Ideas for New Repodata

problems and goals

The current metadata has helped make searching the information much more reasonable - however, it suffers from the problem that as the repos grow in number of pkgs users are forced to download massively large chunks of data they, in fact, do not NEED.

One of the goals of this discussion is to see if we can strike a happy medium between huge chunks of data and searchability.

use cases

  • yum install something
    • yum needs to see conflicts/obsoletes, pkginfo and the pkg specific requires ... at a minimum.
    • If it requires something not known then all "provides" will be needed.
    • and any files require file data.
  • yum update/downgrade/distro-sync
    • The same as "yum install"
  • yum list pkgglob
    • needs to see pkginfo
  • yum list updates
    • needs to see pkginfo
  • yum check-update
    • needs to see pkginfo + obsoletes
  • yum provides something
    • needs to see pkginfo + provides.

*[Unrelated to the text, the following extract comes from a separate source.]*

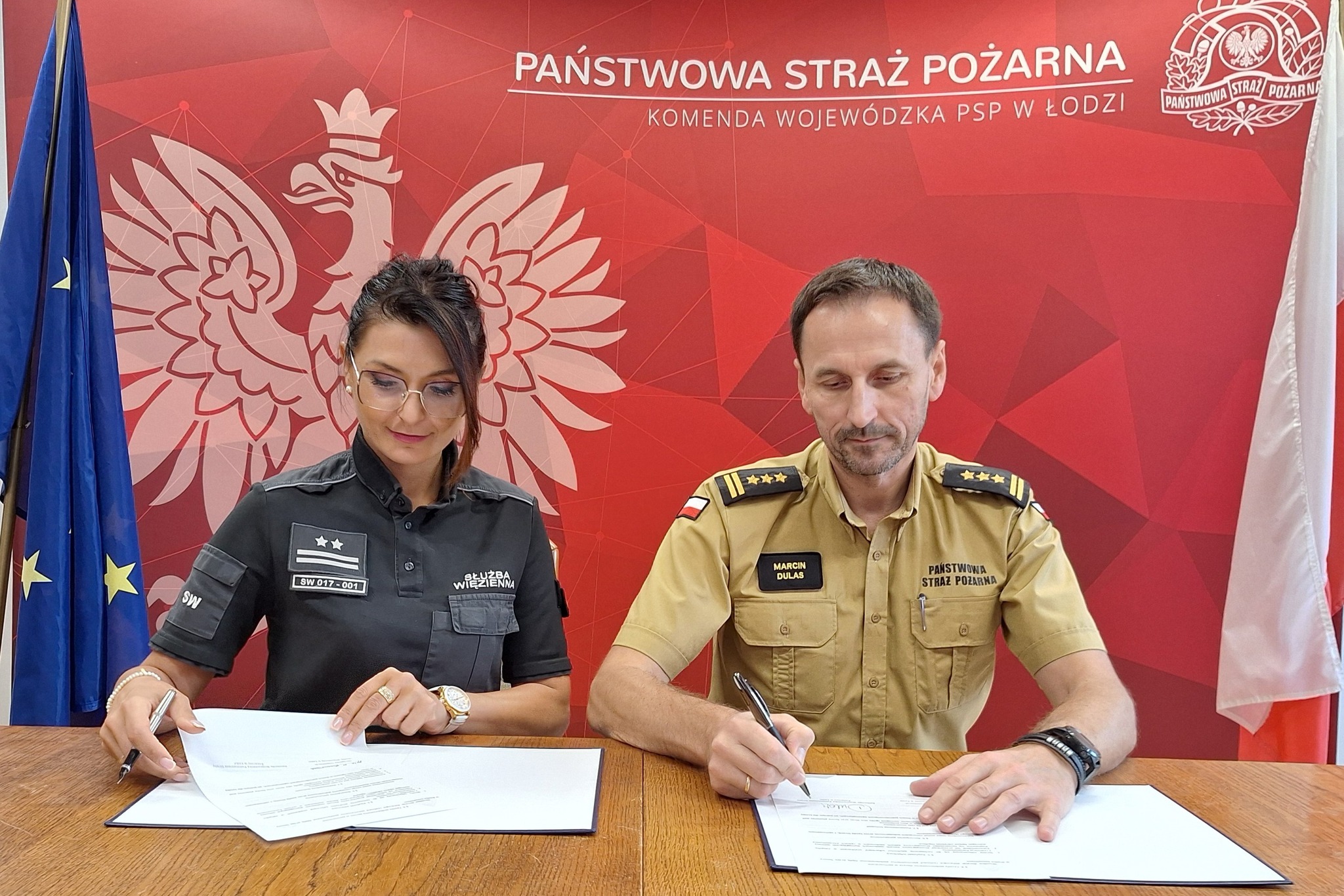 9 września st. bryg. Marcin Dulas Łódzki Komendant Wojewódzki PSP w Łodzi oraz ppłk Małgorzata Banasiak Dyrektor Okręgowa Służby Więziennej w Łodzi podpisali porozumienie, którego celem jest nawiązanie i rozwijanie współpracy pomiędzy służbami w zakresie zapewnienia bezpieczeństwa pożarowego, ochrony życia i zdrowia ludzi oraz mienia na terenie jednostek penitencjarnych, a także doskonalenia zasad współdziałania w zakresie działań ratowniczo – gaśniczych, prewencyjnych i szkoleniowych.

And if the filename glob matches than ALL of the filelists
  • yum search
    • pkginfo + localized summary+description data, (and currently) all provides.

depsolving will need, filelists per-pkg or a subset of file-reqs files.

others?

filelists - break them up

filelists broken out by paths so you don't have to download a huge glop of the complete filelists just to find out who owns /foo/baz

possible ways to break up the files - info from rawhide as of june 2010:

2.4 million files total in pkgs in rawhide
2.3 million of those are in /usr
1.8 million of those are /usr/share
  Top 3 dirs by file count under /usr/share:
   533046 /usr/share/doc
   120555 /usr/share/javadoc
   105591 /usr/share/icons
45 file-requires requiring something in /usr/share
none of those file-requires are in the top 3 /usr/share dirs
    - most of them are fonts.

so in general we're downloading 75% more files for a filereq check than we'll EVER need.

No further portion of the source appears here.